Database Administrator (DBA) adalah seseorang yang bertanggung jawab untuk mendesain, implementasi, pemeliharaan dan perbaikan database. DBA sangat dibutuhkan sebagai pemantauan sistem yang meningkatkan kinerja perencanaan kebutuhan pengembangan sistem di masa depan. Selain hal yang berhubungan dengan software, DBA dapat menyelesaikan permasalahan hardware seperti teknologi server, storage devices, pengetahuan tentang server clustering, storage array network (SAN), RAID, serta backup devices, agar dapat merekomendasikan database penyimpanan informasi yang optimal.
Peran Database Administrator meliputi :
1.Pemasangan perangkat lunak baru
Pemasangan perangkat lunak baru meliputi pembaruan sistem versi terbaru dari perangkat lunak DBMS (Database Management System), serta software lain yang berhubungan dengan administrasi DBMS. Peran DBA penting untuk menguji software baru sebelum digunakan oleh karyawan perusahaan guna mengoptimalkan perkerjaan.
2.Konfigurasi hardware dan software
Database Administrator bekerja sama dengan administrator sistem pengembangan lain yang melakukan instalasi perangkat lunak untuk mengkonfigurasi hardware dan software agar berfungsi secara optimal dengan DBMS.
3.Pengamanan administrasi
Memantau dan mengelola keamanan DBMS, melibatkan penambahan yang menghapus akses pengguna, pemberian kuota akses data, audit, serta memeriksa masalah keamanan penyimpanan data.
4.Analisis data
Menganalisis data yang tersimpan dalam database, membuat rekomendasi berkaitan dengan kinerja, dan efisiensi penyimpanan data.
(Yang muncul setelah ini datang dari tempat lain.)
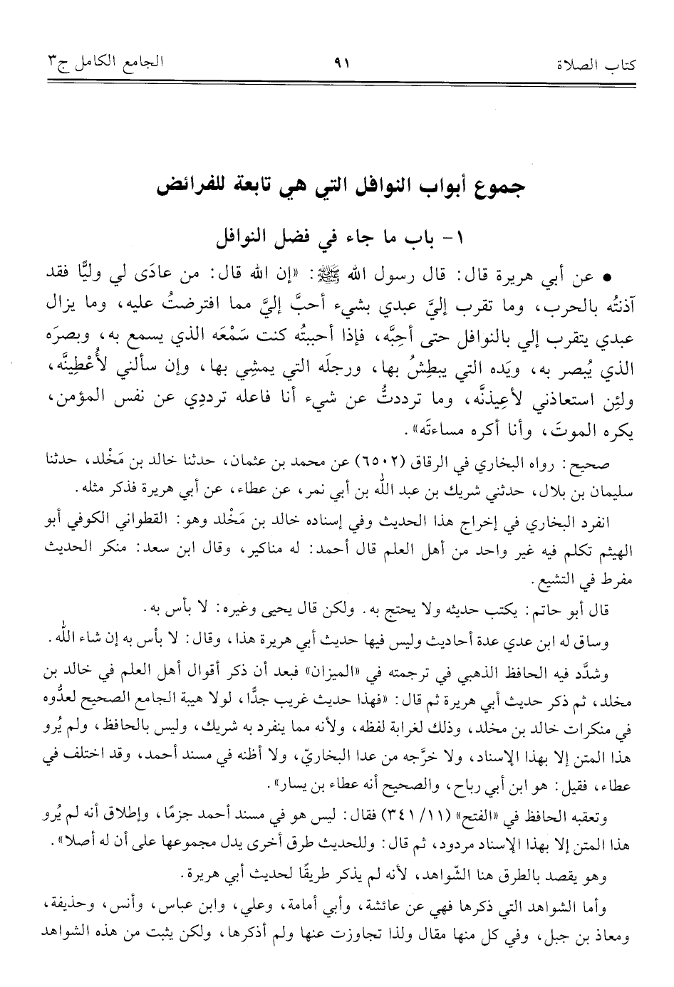 • عن أبي هريرة قال: قال رسول الله - صلى الله عليه وسلم -: "إن الله قال: من عادَى لي وليًّا فقد آذنتُه بالحرب، وما تقرب إليَّ عبدي بشيء أحبَّ إليَّ مما افترضتُ عليه، وما يزال عبدي يتقرب إلي بالنوافل حتَّى أحِبَّه، فإذا أحببتُه كنت سَمْعَه الذي يسمع به، وبصرَه الذي يُبصر به، ويَده التي يبطِشُ بها، ورجلَه التي يمشِي بها، وإن سألني لأُعْطِينَّه، ولئِن استعاذني لأعِيذنَّه، وما ترددتُّ عن شيء أنا فاعله ترددِي عن نفس المؤمن، يكره الموتَ، وأنا أكره مساءتَه".
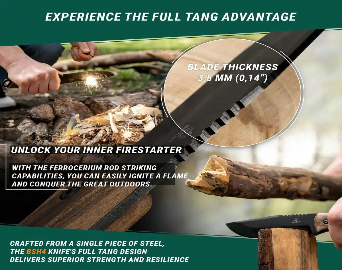 BeaverCraft Bushcraft Kniv – BSH4 er den ultimate bushcraft kniven, håndsmidd av BeaverCraft i Ukraina. Kniven har et solid, ultraskarpt blad, perfekt for å lage mat, hugge ved, åpne hermetikkbokser og som striker til tennstålet.

Hal ini termasuk penggunaan indeks efektif untuk penambahan fitur khusus DBMS.
5.Design
Bertanggung jawab atas administrasi perusahaan yang berhubungan dengan database analisis, desain, dan pembuatan database baru. Hal ini bertujuan untuk menghilangkan berbagai masalah yang mungkin terjadi pada sistem perusahaan Anda. DBA mampu mengenali bahwa DBMS dan sistem dapat menunjukan potensi masalah.
6.Data pemodelan dan optimasi
Pemodelan data yang berfungsi mengoptimalkan sistem tata letak guna mengambil keuntungan dari input dan output sub sistem.
Itulah peran Database Administrator untuk meningkatkan bisnis dengan mengembangkan sistem di masa depan. Dengan adanya Database Administrator, sistem yang dibuat akan lebih terorganisir untuk merencanakan, dan mengkoordinasi dalam melaksanakan langkah-langkah keamanan menjaga database.